Building an App in Flutter, I wanted to use the Navigation Drawer and added a few FlatButtons.
Every FlatButton
has an onPressed()
method where I do Navigator.push()
moving to the desired page, which is working just fine.
I was wondering if this over time is filling up the memory because I am always pushing but never popping pages from the stack.
Always combining a Navigator.pop()
with a Navigator.push()
successively seems a little odd and far away from good practice.

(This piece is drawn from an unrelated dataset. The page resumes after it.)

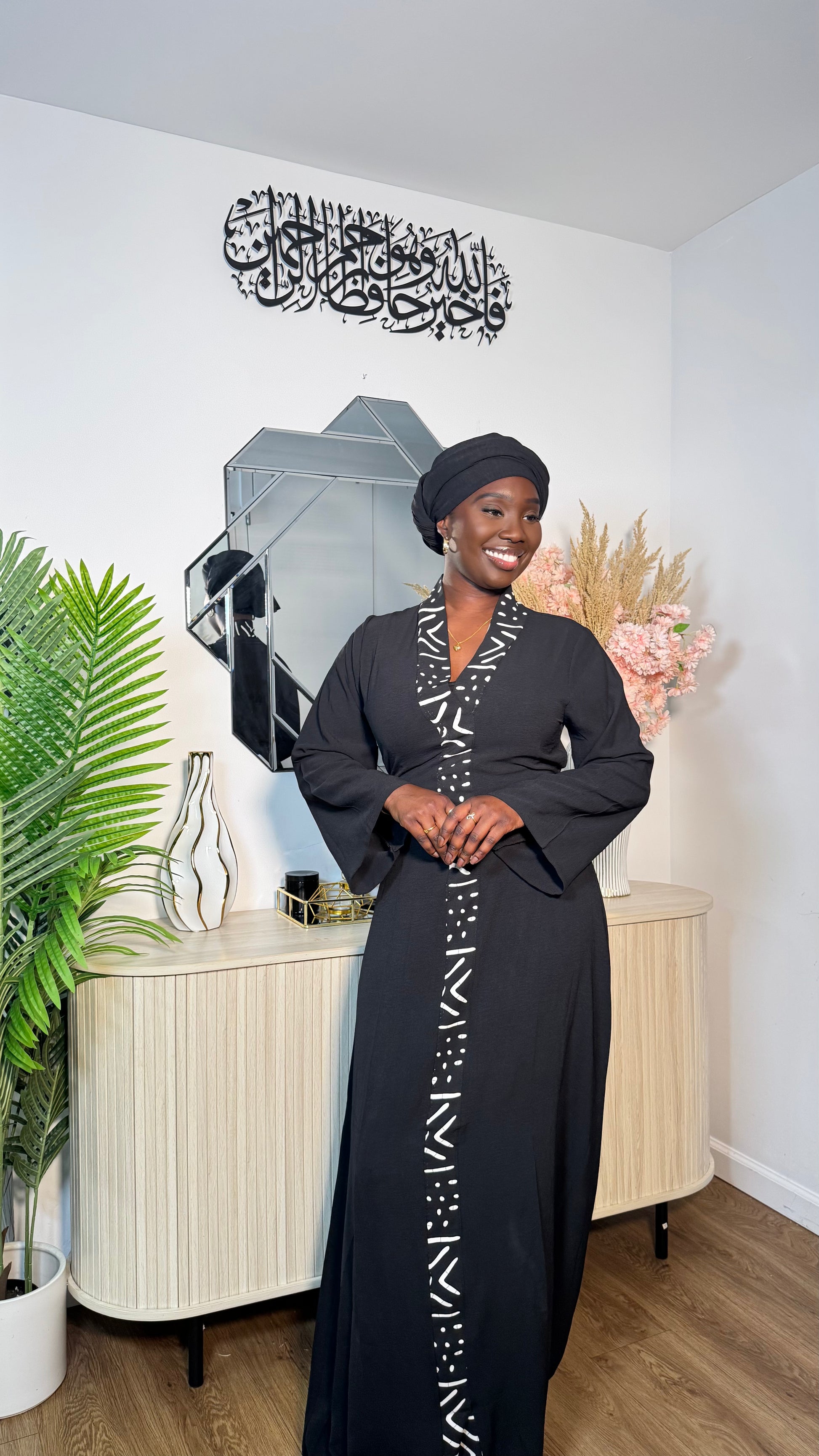 Our beautiful Robe Hawa embodies modern African elegance. This closed kaftan-style dress features a rich solid color with a front panel detailed in vibrant African patterns. The adjustable side ties allow you to wear it more fitted for a flattering silhouette. Paired with a large matching scarf, this piece is both timeless and effortlessly graceful.

Maybe someone can enlighten me about the proper way to do it.
This will indeed lead to potential memory issue. To solve this problem, you can pop unneeded routes. You could also add a custom NavigatorObserver
to add a history limit.
example:
class HistoryLimit extends NavigatorObserver {
final int limit;
final history = <Route>[];
HistoryLimit([this.limit = 42]);
@override
void didReplace({Route<dynamic> newRoute, Route<dynamic> oldRoute}) {
final index = history.indexOf(oldRoute);
history[index] = newRoute;
}
@override
void didPush(Route route, Route previousRoute) {
history.add(route);
if (history.length >= limit) {
this.navigator.removeRoute(history.first);
}
}
@override
void didPop(Route route, Route previousRoute) {
history.remove(route);
}
@override
void didRemove(Route route, Route previousRoute) {
history.remove(route);
}
}
Which you use by adding it here:
MaterialApp(
navigatorObservers: [
HistoryLimit(10)
],
...
)
Use Navigator.pop()
when you want the back button to navigate to the previous route. In this case, yes, the stack keeps filling up.
There are other methods though like
that replace the current route by a new one. This way you can't use the Android back button to navigate back through each previous route.